Investors should watch what major protocols actually spend on security, not just what they claim in governance posts. Audit reports matter. Bug bounties matter. Incident response records matter too. So do multisig practices and whether a team fixes known issues before Twitter finds them. Is this overkill? For DeFi, no. If average hack losses keep falling through 2026, traditional finance risk desks may need to update their models. That could help blue-chip DeFi tokens such as UNI, AAVE, and LINK. Security firm reports are worth reading each quarter, along with any change in how regulators talk about DeFi after a quieter stretch.

FAQ

Q1: What is the main prediction for DeFi hack losses in 2026?

A1: Dragonfly managing partner Haseeb Qureshi expects DeFi hack losses to decline in 2026.

Q2: Why does that prediction sound counterintuitive?

A2: It goes against the common fear that AI-assisted attacks will make crypto theft worse.

Q3: What has happened to hack counts compared with financial losses per incident?

A3: Hack counts have increased, but the average financial loss per incident has been falling.

Q4: What do lower losses from compromised admin keys and multisignature wallets suggest?

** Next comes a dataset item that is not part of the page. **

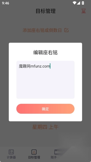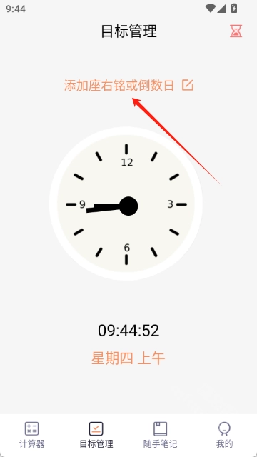 3.点击目标管理,可以添加座右铭或倒数日

A4: They suggest better operational security, especially at larger DeFi protocols.

Q5: Had AI-driven hacks become a major crisis by 2025?

A5: According to Qureshi, no. AI fears had not become a major crisis, and no catastrophic AI-driven DeFi hack occurred in 2025.

Q6: What could declining hack losses mean for crypto investors?

A6: Lower losses could make DeFi look less risky, which may draw more institutional capital and improve liquidity and valuations.

Q7: What does the falling average loss per hack say about DeFi’s health?

A7: It suggests the most valuable assets are getting better protection and that stronger security practices are becoming more common among serious projects.

Q8: What should investors check when judging a project’s security?

A8: Investors should look at security spending, audit reports, bug bounty programs, and how the team handles incidents.

Q9: How might a safer DeFi market affect regulatory pressure?

A9: Fewer large hacks could reduce some regulatory pressure by giving officials fewer headline disasters to point to.

Q10: Which protocols are taking the most damage?

A10: Smaller, riskier, unaudited, anonymous, or inactive protocols appear to be taking more of the damage, while stronger platforms have been hit less severely.